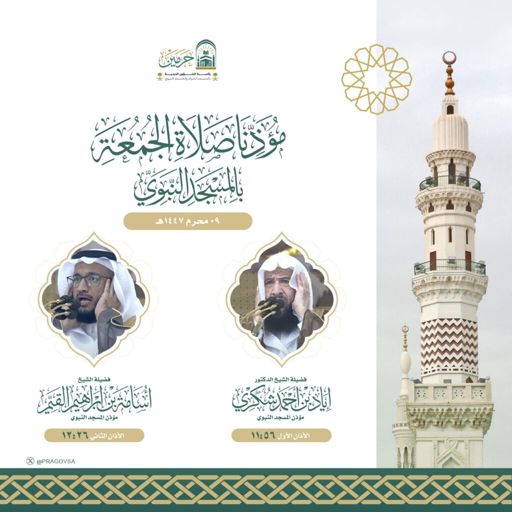 أوضحت رئاسة الشؤون الدينية بالمسجد الحرام والمسجد النبوي أسماء المؤذنين المكلفين برفع أذان صلاة الجمعة يوم غدٍ، الموافق التاسع من شهر محرم 1447هـ، وذلك في إطار جهودها المستمرة لتنظيم أوقات الصلاة وإعلام قاصدي وزوار الحرمين الشريفين بمواعيد الأذان والمؤذنين المكلّفين.
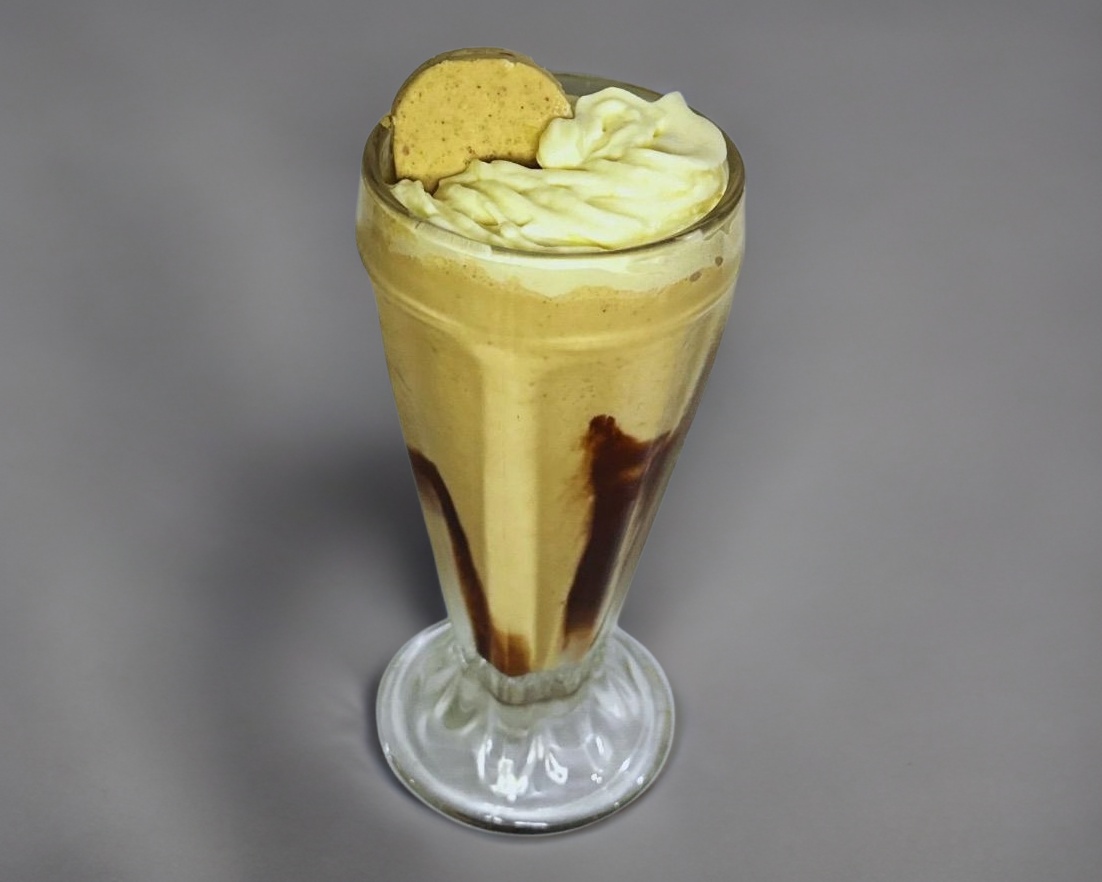 Frappe sabor Mazapán, crema batida y mazapán espolvoreado
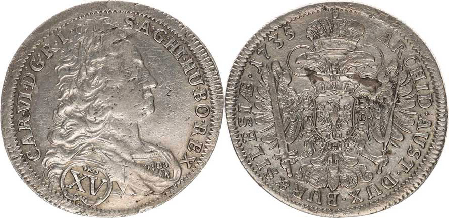 XV kr. 1735 b.zn., Vratislav MKČ 1914 "R" 6,164 g _dr. vada stř.
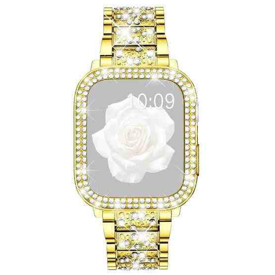 For Apple Watch Series 10 42mm xDfind Diamond Jewelry Metal Watch Band with Case(Gold)
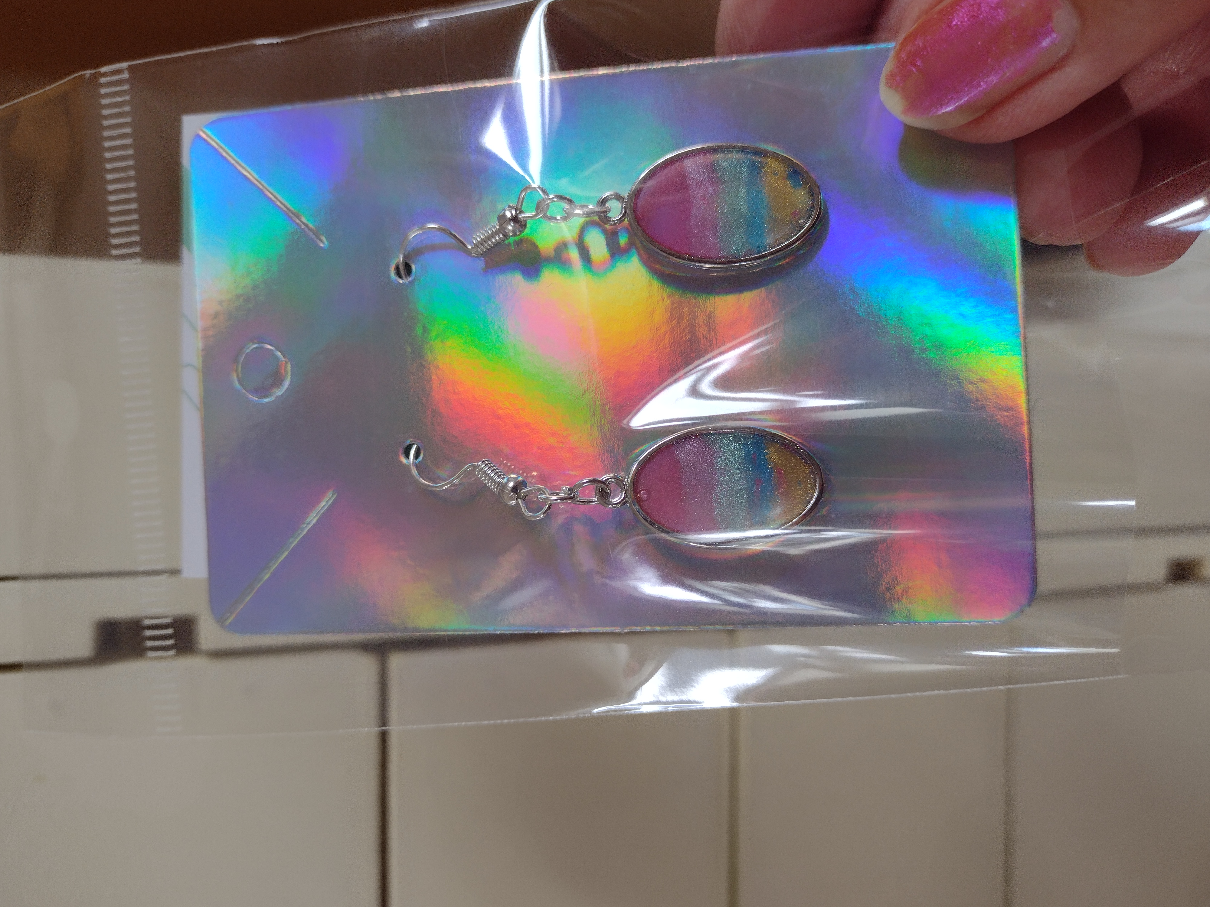 Handmade earrings oval shaped rainbow pastels Handmade earrings oval shaped rainbow pastels Handmade earrings oval shaped rainbow pastels
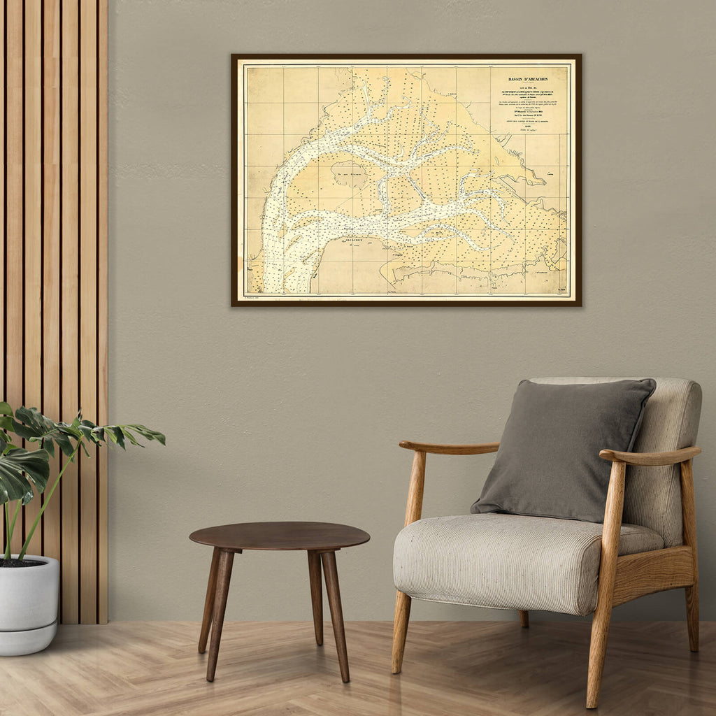 Affiche vintage Bassin d'Arcachon Bathymétrie 1866

# [What to do]
Reproduce each record from above exactly; pictures do not belong in the copy.

# [Response below]
 أوضحت رئاسة الشؤون الدينية بالمسجد الحرام والمسجد النبوي أسماء المؤذنين المكلفين برفع أذان صلاة الجمعة يوم غدٍ، الموافق التاسع من شهر محرم 1447هـ، وذلك في إطار جهودها المستمرة لتنظيم أوقات الصلاة وإعلام قاصدي وزوار الحرمين الشريفين بمواعيد الأذان والمؤذنين المكلّفين.
 Frappe sabor Mazapán, crema batida y mazapán espolvoreado
 XV kr. 1735 b.zn., Vratislav MKČ 1914 "R" 6,164 g _dr. vada stř.
 For Apple Watch Series 10 42mm xDfind Diamond Jewelry Metal Watch Band with Case(Gold)
 Handmade earrings oval shaped rainbow pastels Handmade earrings oval shaped rainbow pastels Handmade earrings oval shaped rainbow pastels
 Affiche vintage Bassin d'Arcachon Bathymétrie 1866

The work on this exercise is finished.